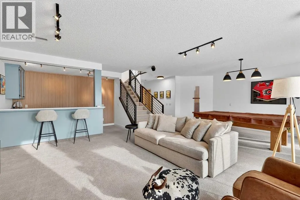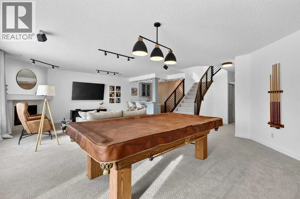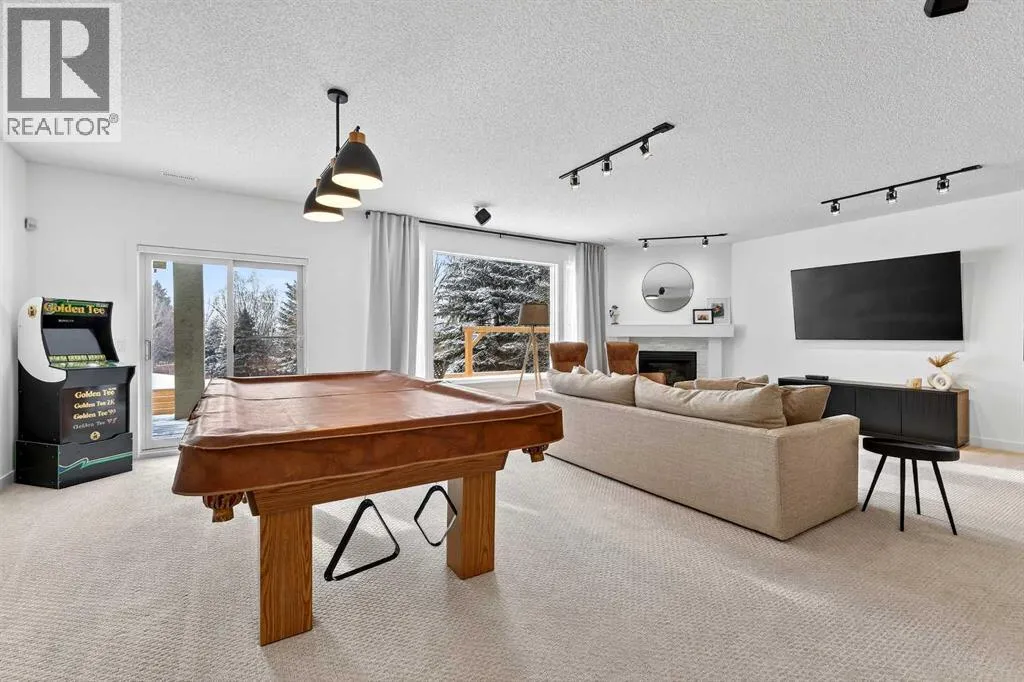 Every corner has been thoughtfully refreshed, blending timeless design with modern sophistication. From the moment you step inside, you’re greeted with wide plank luxury vinyl flooring, striking new front door with sleek black hardware, crisp fresh paint, transom window detail & refined flat-finish ceilings with inset lighting, creating a feeling straight from the pages of a lifestyle magazine. A stunning formal dining room framed by an oversized window, designer chandelier & elegant arched doorway sets the tone for memorable gatherings. The private main-floor den, currently styled as a nursery, offers flexibility as a serene home office or retreat. The open-concept living space seamlessly showcases the heart of the home-a beautifully reimagined kitchen featuring a dramatic white quartz waterfall island with soft grey veining, 2-toned cabinetry, stylish hardware, undermount sink, built-in microwave, sleek appliances, chimney hood fan backed by penny tile & skylight that floods the space with natural light. The adjacent living room is anchored by a bold black shiplap feature wall with built-in speakers & a large picture window framing the greenery beyond. A charming breakfast nook sits beside French sliding doors leading to the upper deck-the perfect vantage point to enjoy the expansive yard & peaceful greenspace. The spacious primary highlights the impressive 10-foot ceilings of the main floor & is complemented by a spa-inspired ensuite featuring a freestanding soaker tub, dual vanities with quartz counters, designer lighting & mirrors; a striking tiled sho wer with built-in shelving & modern fixtures. A stylish powder room & thoughtfully designed laundry room with cabinetry, folding counter & hanging space complete the main level. The fully finished walk-out expands your living & entertaining space with a sophisticated wet bar adorned with shiplap detailing, cabinetry & bar fridge-all overlooking a cozy family room with stone-surround fireplace & mantle. A spacious recreation area offers room for a pool table & gatherings, while 2 additional bedrooms-both with walk-in closets & beautifully renovated bathroom provide comfort for family or guests. The generous utility room doubles as a home gym. Step outside to your private backyard oasis backing onto an expansive greenspace. With no immediate rear neighbours & walking paths in the distance, you’ll enjoy both privacy and connection to nature-the perfect balance. This is more than a home-it’s a lifestyle. A place where neighbours know each other, pride of ownership is evident & every drive home feels right (id:62650)
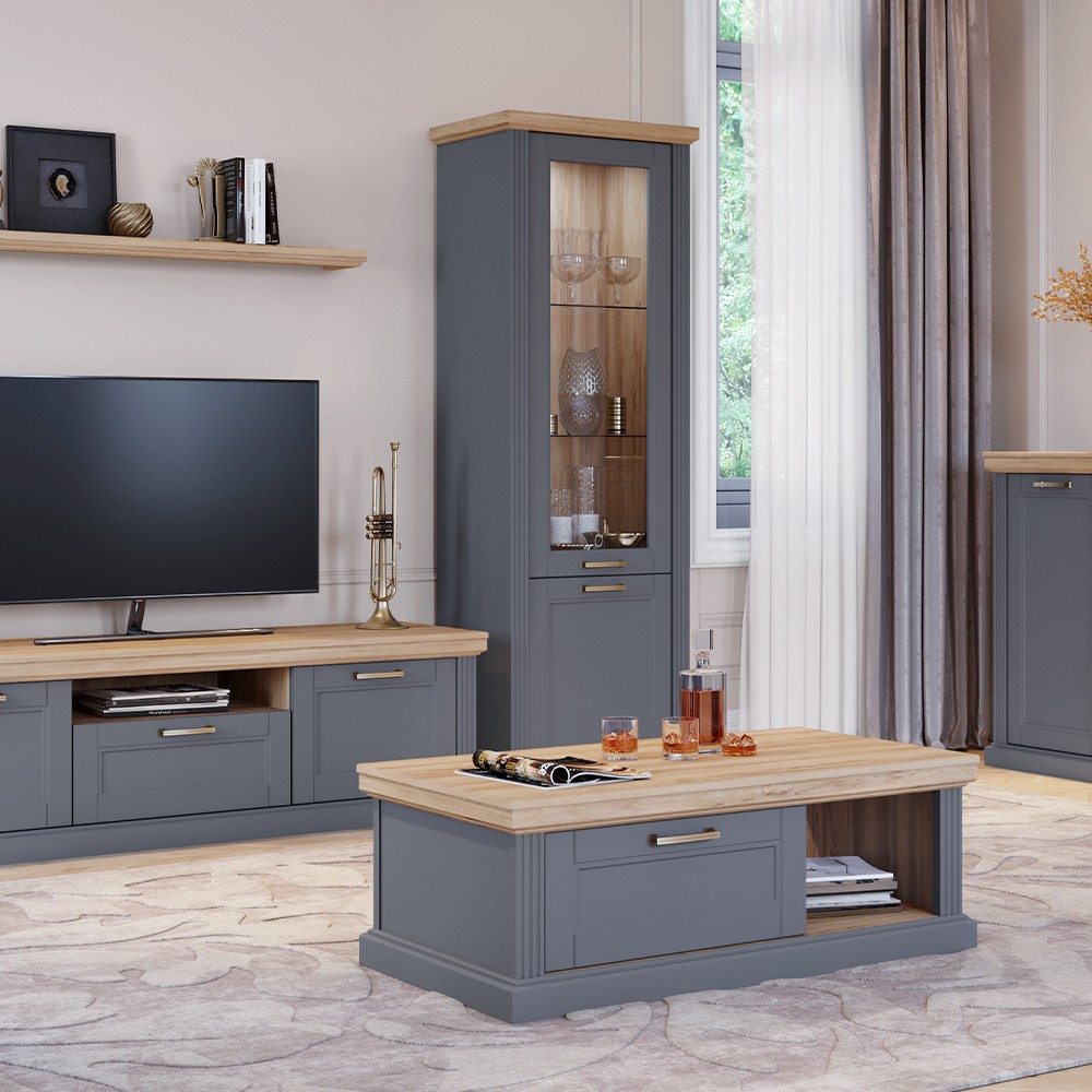 Luksuzna vitrina za dnevni boravak iz kolekcije Tara sa jednim staklenim i jednim punim krilom. Prednja strana vitrine izrađena je od rezbarene iverice lakirane UV lakom s nježnim mat efektom u grafitnoj ili bijeloj boji. Korpus elementa izrađen je od iverala u dekoru pacifik orah, s vidljive strane lakirano UV lakom s soft mat efektom u grafitnoj ili bijeloj boji. Gornje krilo ima okvir s ispunom od kaljenog stakla stilski profilirane lajsne, koje su dio ove komode, izrađene su od MDF-a debljine 25 mm. Element sadrži dvije staklene police i dvije od iverala. Vitrina ima soft-close šarke za tiho i elegantno zatvaranje. Ukrasne mesingane ručke (R-30) i LED rasvjeta uključeni su u cijenu elementa. Podesive nogice omogućuju izravnavanje na neravnim površinama.
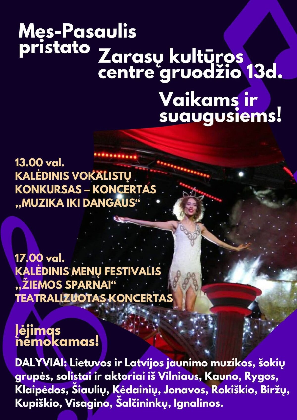 2025 m. gruodžio 13 d. vyko XXV respublikinis vaikų ir jaunimo muzikos projekto „Mes-Pasaulis“ Respublikinis vokalistų konkursas „Muzika iki dangaus“ Zarasų kultūros centre.
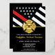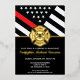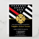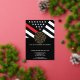 This design features a firemen's flag with black and white stripes, and a thin red line stripe as well. A fireman's badge sits above all of the party details for the graduating firefighter. This design also works great for a retiring firefighter, lieutenant, or chief's retirement party.
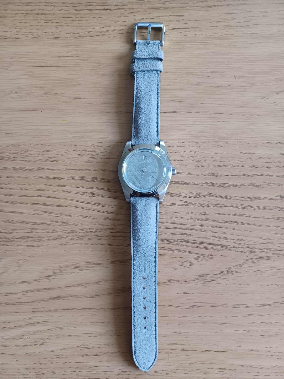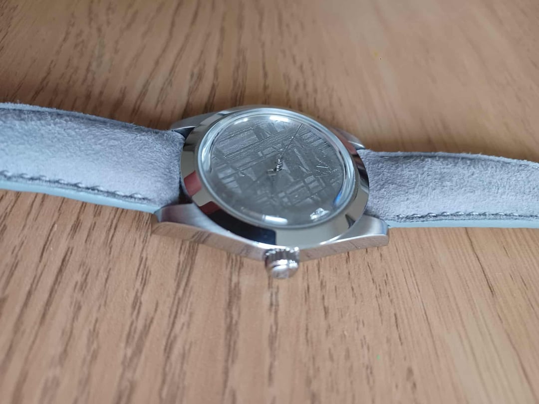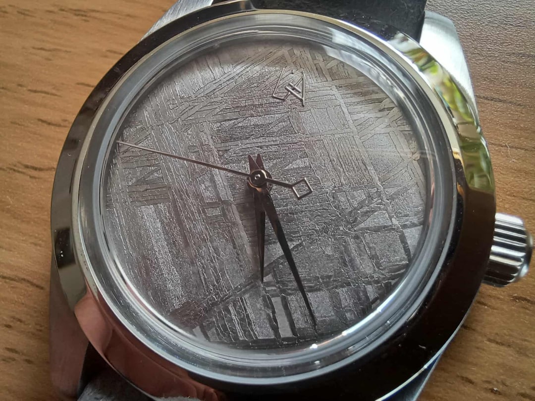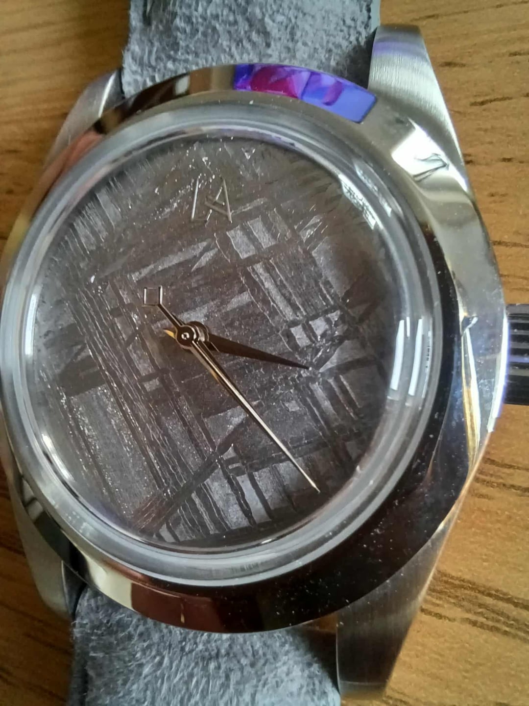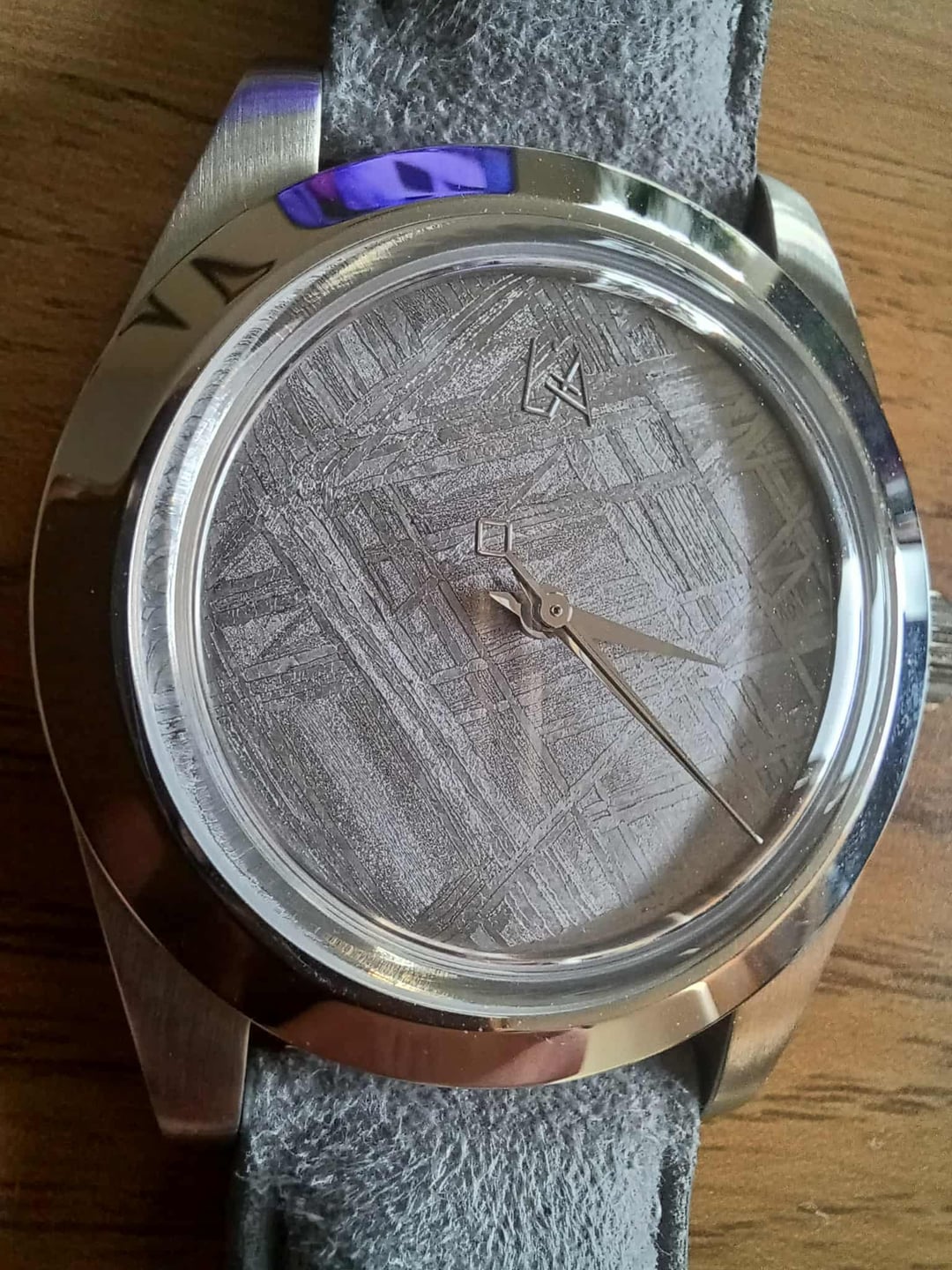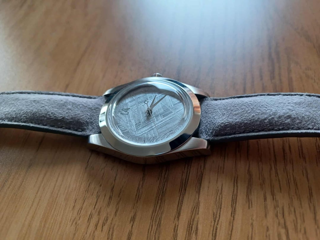 £430 + shipping Paypal payment UK located Muonionalusta meteorite 38mm ultra-thin stainless steel case with a 9mm profile Technical Specs: Movement: NH35 Automatic Case: Artisan Maison, 38mm, Ultra-Thin (9mm) Crystal: Domed Sapphire Dial: Genuine Muonionalusta Meteorite from Sweden Strap: Grey Suede Leather

**Task to carry out**.
Please retype the data exactly as it appears, but without any of its pictures.

**Solved exercise**.
 Every corner has been thoughtfully refreshed, blending timeless design with modern sophistication. From the moment you step inside, you’re greeted with wide plank luxury vinyl flooring, striking new front door with sleek black hardware, crisp fresh paint, transom window detail & refined flat-finish ceilings with inset lighting, creating a feeling straight from the pages of a lifestyle magazine. A stunning formal dining room framed by an oversized window, designer chandelier & elegant arched doorway sets the tone for memorable gatherings. The private main-floor den, currently styled as a nursery, offers flexibility as a serene home office or retreat. The open-concept living space seamlessly showcases the heart of the home-a beautifully reimagined kitchen featuring a dramatic white quartz waterfall island with soft grey veining, 2-toned cabinetry, stylish hardware, undermount sink, built-in microwave, sleek appliances, chimney hood fan backed by penny tile & skylight that floods the space with natural light. The adjacent living room is anchored by a bold black shiplap feature wall with built-in speakers & a large picture window framing the greenery beyond. A charming breakfast nook sits beside French sliding doors leading to the upper deck-the perfect vantage point to enjoy the expansive yard & peaceful greenspace. The spacious primary highlights the impressive 10-foot ceilings of the main floor & is complemented by a spa-inspired ensuite featuring a freestanding soaker tub, dual vanities with quartz counters, designer lighting & mirrors; a striking tiled sho wer with built-in shelving & modern fixtures. A stylish powder room & thoughtfully designed laundry room with cabinetry, folding counter & hanging space complete the main level. The fully finished walk-out expands your living & entertaining space with a sophisticated wet bar adorned with shiplap detailing, cabinetry & bar fridge-all overlooking a cozy family room with stone-surround fireplace & mantle. A spacious recreation area offers room for a pool table & gatherings, while 2 additional bedrooms-both with walk-in closets & beautifully renovated bathroom provide comfort for family or guests. The generous utility room doubles as a home gym. Step outside to your private backyard oasis backing onto an expansive greenspace. With no immediate rear neighbours & walking paths in the distance, you’ll enjoy both privacy and connection to nature-the perfect balance. This is more than a home-it’s a lifestyle. A place where neighbours know each other, pride of ownership is evident & every drive home feels right (id:62650)
 Luksuzna vitrina za dnevni boravak iz kolekcije Tara sa jednim staklenim i jednim punim krilom. Prednja strana vitrine izrađena je od rezbarene iverice lakirane UV lakom s nježnim mat efektom u grafitnoj ili bijeloj boji. Korpus elementa izrađen je od iverala u dekoru pacifik orah, s vidljive strane lakirano UV lakom s soft mat efektom u grafitnoj ili bijeloj boji. Gornje krilo ima okvir s ispunom od kaljenog stakla stilski profilirane lajsne, koje su dio ove komode, izrađene su od MDF-a debljine 25 mm. Element sadrži dvije staklene police i dvije od iverala. Vitrina ima soft-close šarke za tiho i elegantno zatvaranje. Ukrasne mesingane ručke (R-30) i LED rasvjeta uključeni su u cijenu elementa. Podesive nogice omogućuju izravnavanje na neravnim površinama.
 2025 m. gruodžio 13 d. vyko XXV respublikinis vaikų ir jaunimo muzikos projekto „Mes-Pasaulis“ Respublikinis vokalistų konkursas „Muzika iki dangaus“ Zarasų kultūros centre.
 This design features a firemen's flag with black and white stripes, and a thin red line stripe as well. A fireman's badge sits above all of the party details for the graduating firefighter. This design also works great for a retiring firefighter, lieutenant, or chief's retirement party.
 £430 + shipping Paypal payment UK located Muonionalusta meteorite 38mm ultra-thin stainless steel case with a 9mm profile Technical Specs: Movement: NH35 Automatic Case: Artisan Maison, 38mm, Ultra-Thin (9mm) Crystal: Domed Sapphire Dial: Genuine Muonionalusta Meteorite from Sweden Strap: Grey Suede Leather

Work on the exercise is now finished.